Investigators have found that artificial intelligence (AI) language models like OpenAI’s ChatGPT may accurately identify appropriate imaging tests for breast cancer screenings and breast pain, according to a recent study published by Rao et al in the Journal of the American College of Radiology. The new findings suggested that large language models may have the potential to assist primary care providers in decision-making, patient evaluation, and ordering imaging tests for breast cancer screenings and breast pain.
Background
ChatGPT, a large language model built on data from the Internet, is capable of answering questions in a human-like way. Since ChatGPT was introduced in November 2022, investigators across the world have been analyzing how these AI language models can be used in medical scenarios.
When primary care providers order specialized testing for patients who complain of breast pain, they may not know the best imaging tests to choose—such as magnetic resonance imaging (MRI), ultrasound, mammogram, or another imaging test. Radiologists generally follow the American College of Radiology’s Appropriateness Criteria to make these decisions. Although these evidence-backed guidelines are well known to specialists, they are often less known for nonspecialists tasked with selecting the most appropriate imaging test during a patient’s visit. This may confuse patients and lead to unnecessary or incorrect testing.
"In this scenario, ChatGPT’s abilities were impressive," explained senior study author Marc D. Succi, MD, Assistant Professor of Radiology at Harvard Medical School, Associate Chair of Innovation and Commercialization at Mass General Brigham Enterprise Radiology, and Founder and Executive Director of the Medical Engineered Solutions in Healthcare Incubator at Massachusetts General Hospital. "I see it acting like a bridge between the referring health-care professional and the expert radiologist—stepping in as a trained consultant to recommend the right imaging test at the point of care, without delay. This could reduce administrative time on both referring and consulting physicians in making these evidence-backed decisions, optimize workflow, reduce burnout, and reduce patient confusion and wait times,” he added.
Study Methods and Results
In the recent study, the investigators invented 21 patient scenarios involving the need for breast cancer screenings or the reporting of breast pain and asked ChatGPT-3.5 and the newer, more advanced ChatGPT-4 to help them decide which imaging tests to use—with the goal of assessing the AI language models’ clinical decision-making capabilities. The investigators asked ChatGPT-3.5 and ChatGPT-4 in an open-ended way and by giving the AI language models a list of options.
They discovered that ChatGPT-4 outperformed ChatGPT-3.5, especially when given the available imaging options. For instance, when asked about breast cancer screenings, and given multiple choice imaging options, ChatGPT-3.5 answered an average of 88.9% of the prompts correctly, and ChatGPT-4 answered about 98.4% of them correctly.

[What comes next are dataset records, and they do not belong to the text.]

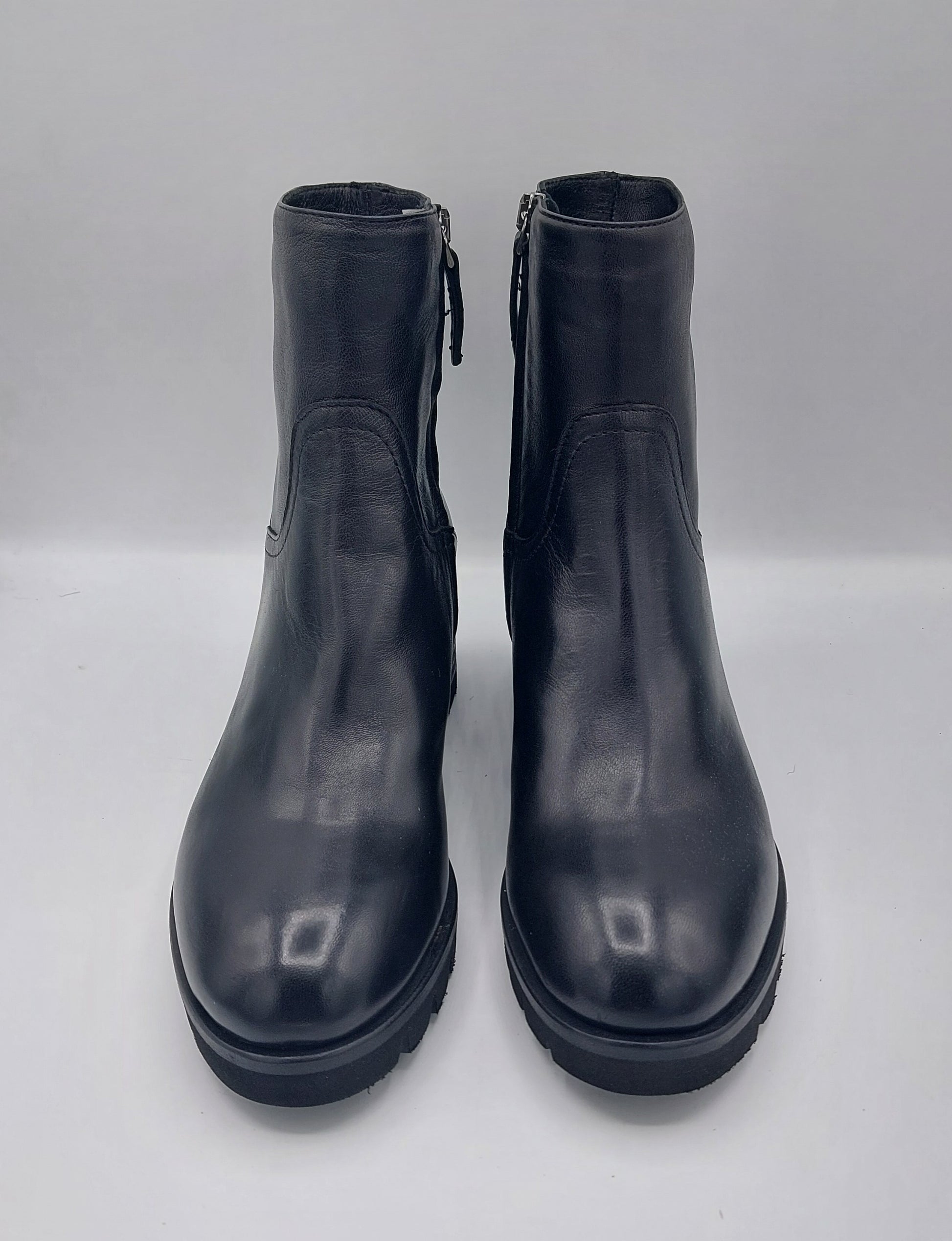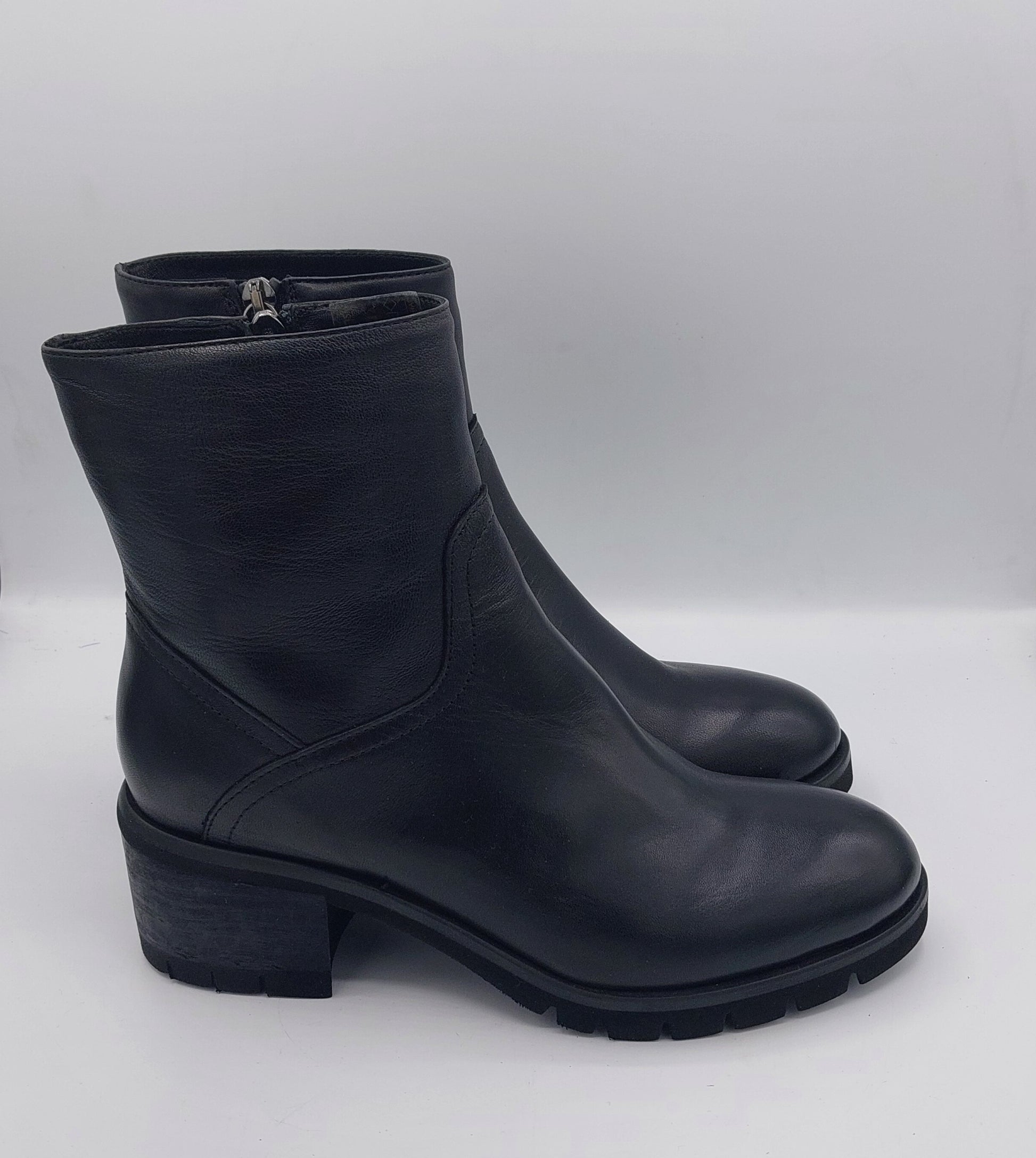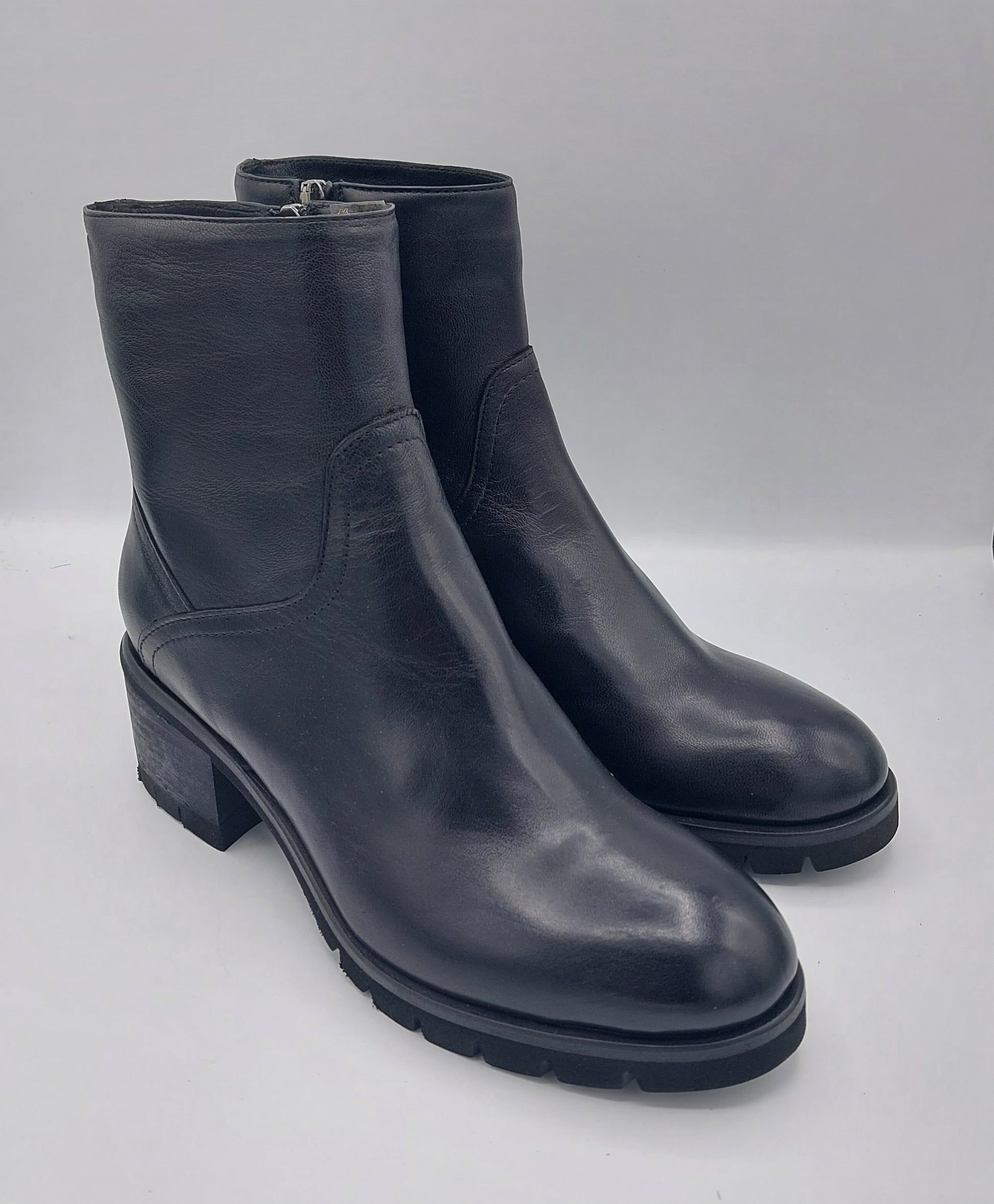 Stivaletto in pelle nera con tacco giornaliero e cerniera interna
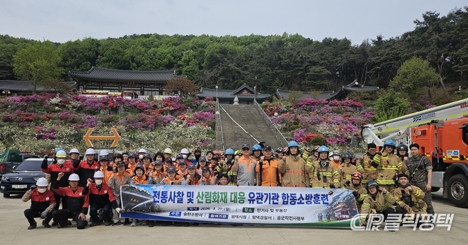 송탄소방서(서장 홍의선)는 지난 27일 만기사 대웅전 및 무봉산 일원에서 전통사찰 화재와 산림 확산 상황에 대비한 유관기관 합동 현지적응훈련을 실시했다고 밝혔다.
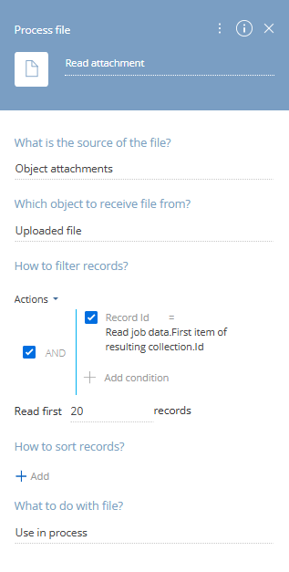 I have written an business process to send an email with attachment. I have added process file element and reading the files from "Uploaded file" object. Refer below:
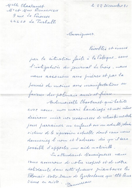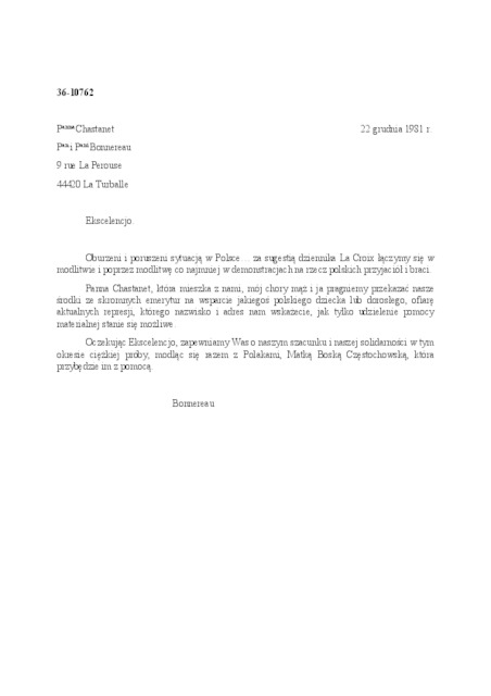 Kolekcja: | Archiwa > Francuskie listy do księdza kardynała Józefa Glempa z okresu stanu wojennego > 36-10659-10795 |
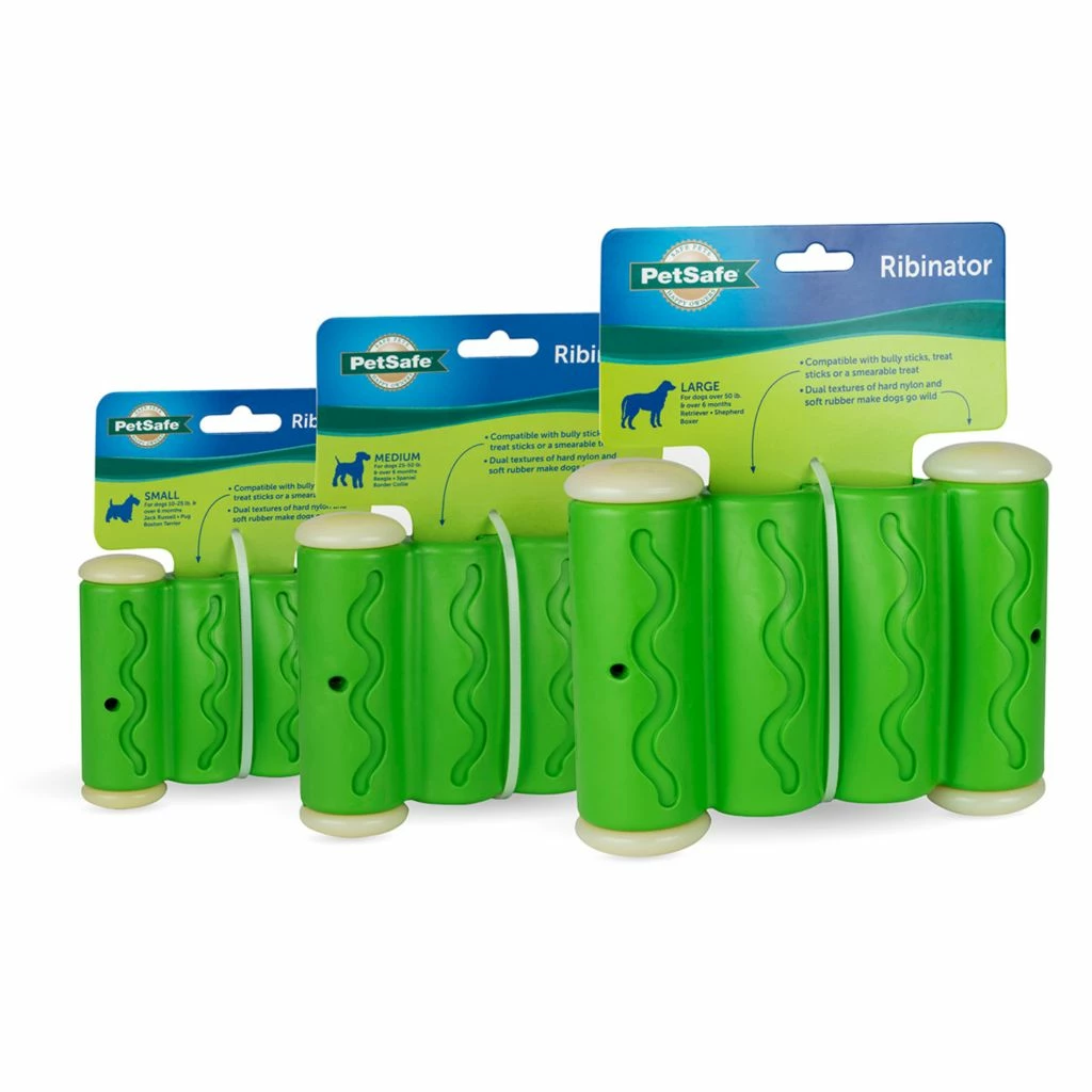 - Durable – The PetSafe® Ribinator dog toy’s tough rubber and nylon supports are what make this toy resilient enough to stand up to the most determined chewers
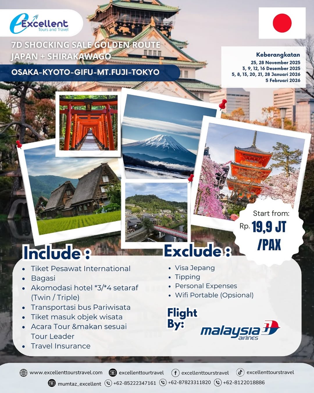 Bayangkan berjalan di desa bersalju Shirakawago, melihat Gunung Fuji dari dekat, dan menikmati keindahan Kyoto & Tokyo dalam satu perjalanan luar biasa! 🗻🌸 đź’° Start from Rp 19,9 Jt/pax📆 Departure 25, 28 November 20253, 9, 12, 14, 16 Desember 20255, 8, 13, 20, 21, 28 Januari 20265 Februari 2026 Includedâś…Tiket…
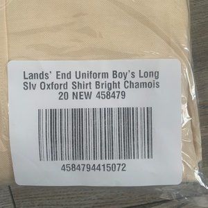 NWT LANDS' END UNIFORM BOY'S LONG SLEEVE OXFORD SHIRT BRIGHT CHAMOIS 20
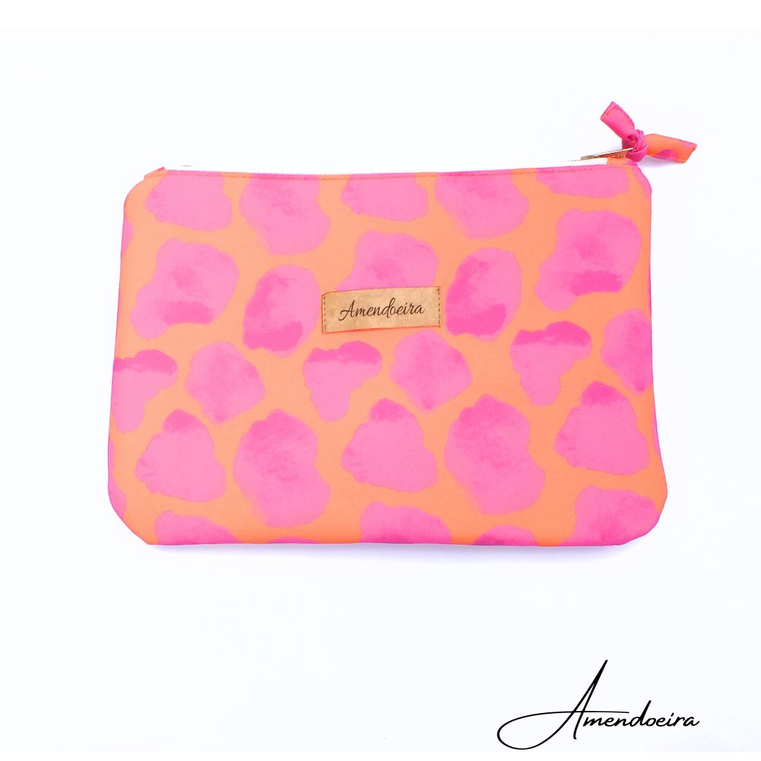 - Bolsa com tecido exterior padrão girafa com fundo laranja e manchas em rosa impermeàvel e forro branco impermeável
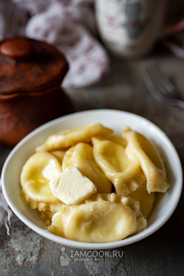 Пышные паровые вареники на кефире с творогом готовы. Выложите их в порционные тарелки, добавьте кусочек сливочного масла и подавайте к столу. Приятного аппетита!
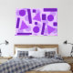 Geometric figures (triangle. circle, rectangle) in purple monochrome flat colors. Interior art (house, apartment, living room, room, shopping room, shop, restaurant, school, school, educational center, bookshop, office...).
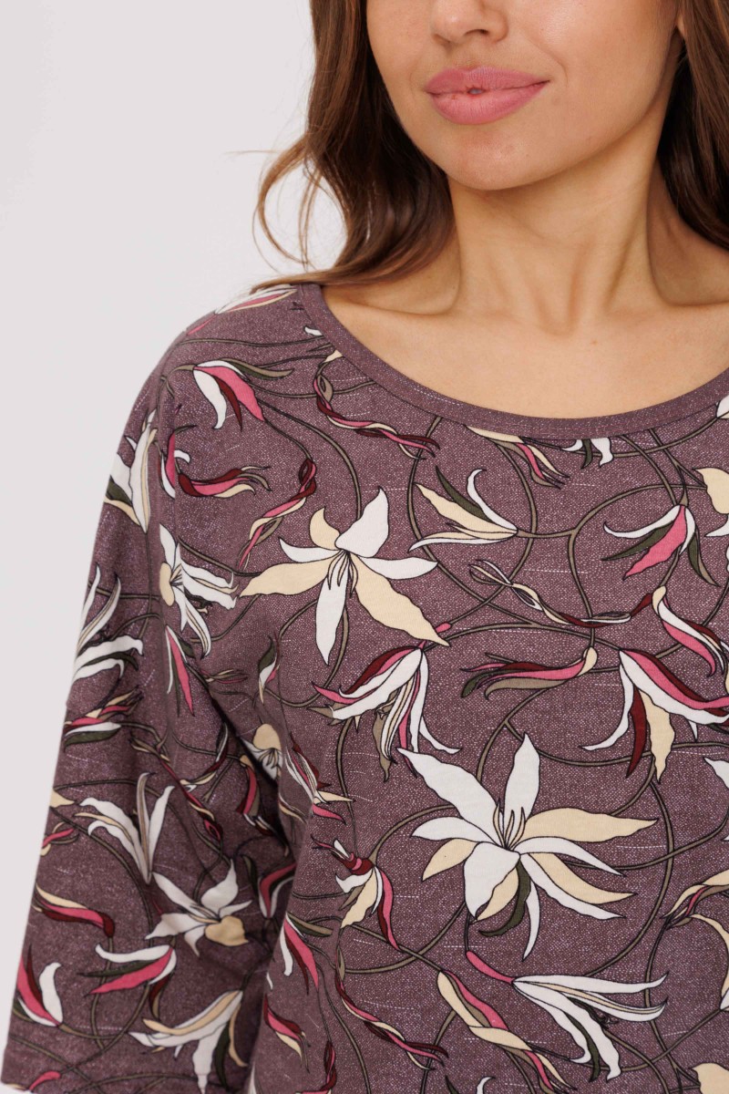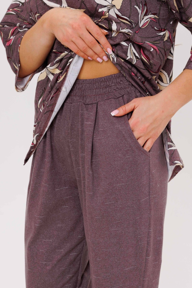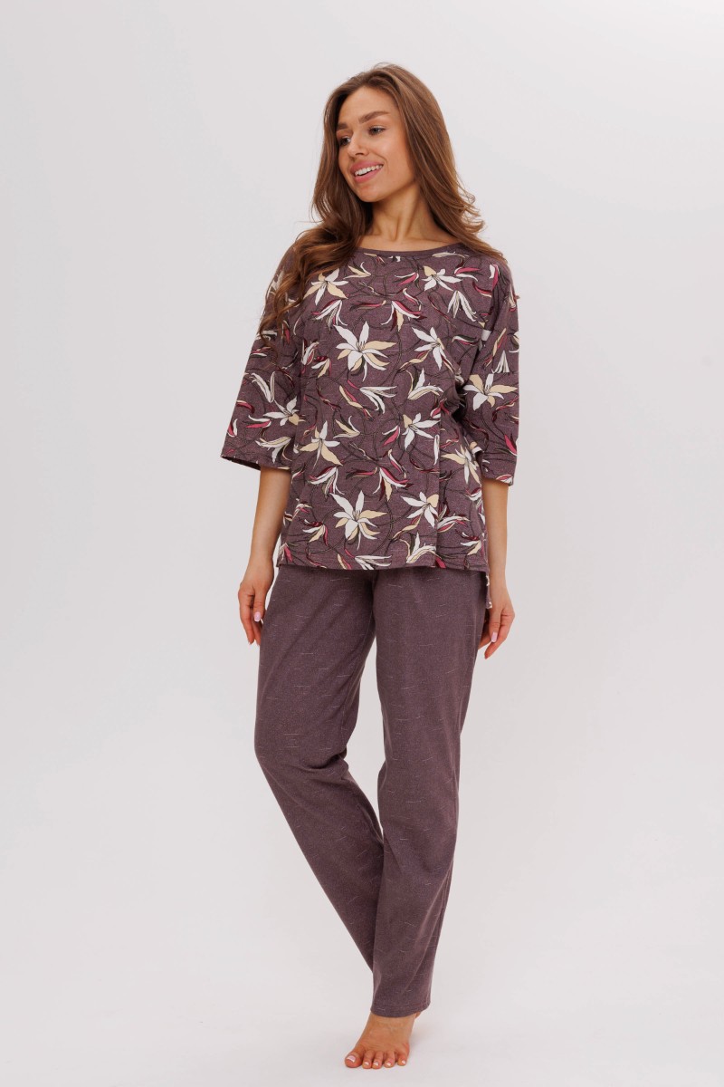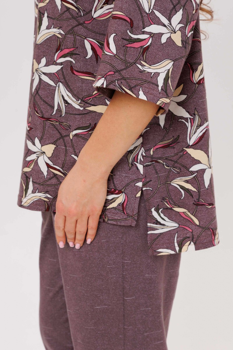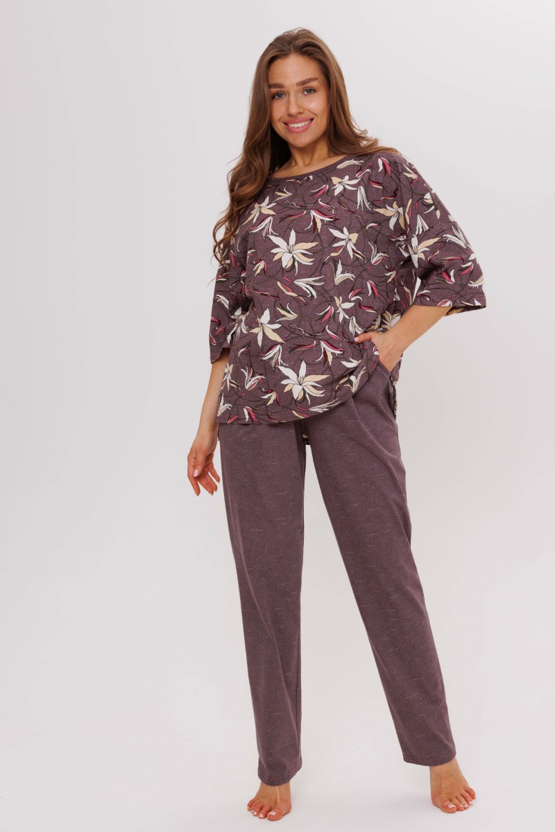 Представляем Вашему вниманию женский домашний костюм свободного силуэта, выполненный из тканей-компаньонов. Футболка прямого силуэта. Рукав втачной, спущенное плечо, длина до локтя. Боковые разрезы. Брюки длинные, прямого кроя. Пояс на резинке. Прорезные карманы.

"This study doesn’t compare ChatGPT to existing radiologists because the existing gold standard is actually a set of guidelines from the American College of Radiology, which is the comparison we performed,” Dr. Succi noted. “This is purely an additive study, so we are not arguing that AI is better than your [physician] at choosing an imaging test but can be an excellent adjunct to optimize a [physician’s] time on noninterpretive tasks."
Conclusions
The investigators proposed that ChatGPT could be integrated into medical decision-making at the point of care. When a primary care provider enters data into an electronic health record, the program could alert them to the best imaging options—supplying patients with expectations when they go in for the tests and recommending the most appropriate tests for primary care providers to order.
The investigators also highlighted that a more advanced medical AI language model could be created using data sets from hospitals and other research institutions to make it more specific to health-focused applications.
"We may be able to fine-tune ChatGPT with different patient and therapeutic data and knowledge sets to tailor it to specific patient populations," Dr. Succi emphasized. "At Mass General Brigham, we have specialized centers of excellence where we care for patients with some of the most complex and rare diseases. We can leverage our experience and lessons learned from caring for these patient cases to train a model to provide support for rare and complex diagnoses and then make that model available to centers around the world, especially centers that may treat these conditions less frequently,” he underscored.
The investigators concluded that before any AI language model would be involved in medical decision-making, it would need to be extensively tested for bias, privacy concerns, and approved for use in medical settings. New regulations around medical AI language models could also set parameters for what should be included in patient care interactions.
Disclosure: The research in this study was supported in part by a grant from the National Institute of General Medical Sciences. For full disclosures of the study authors, visit jacr.org.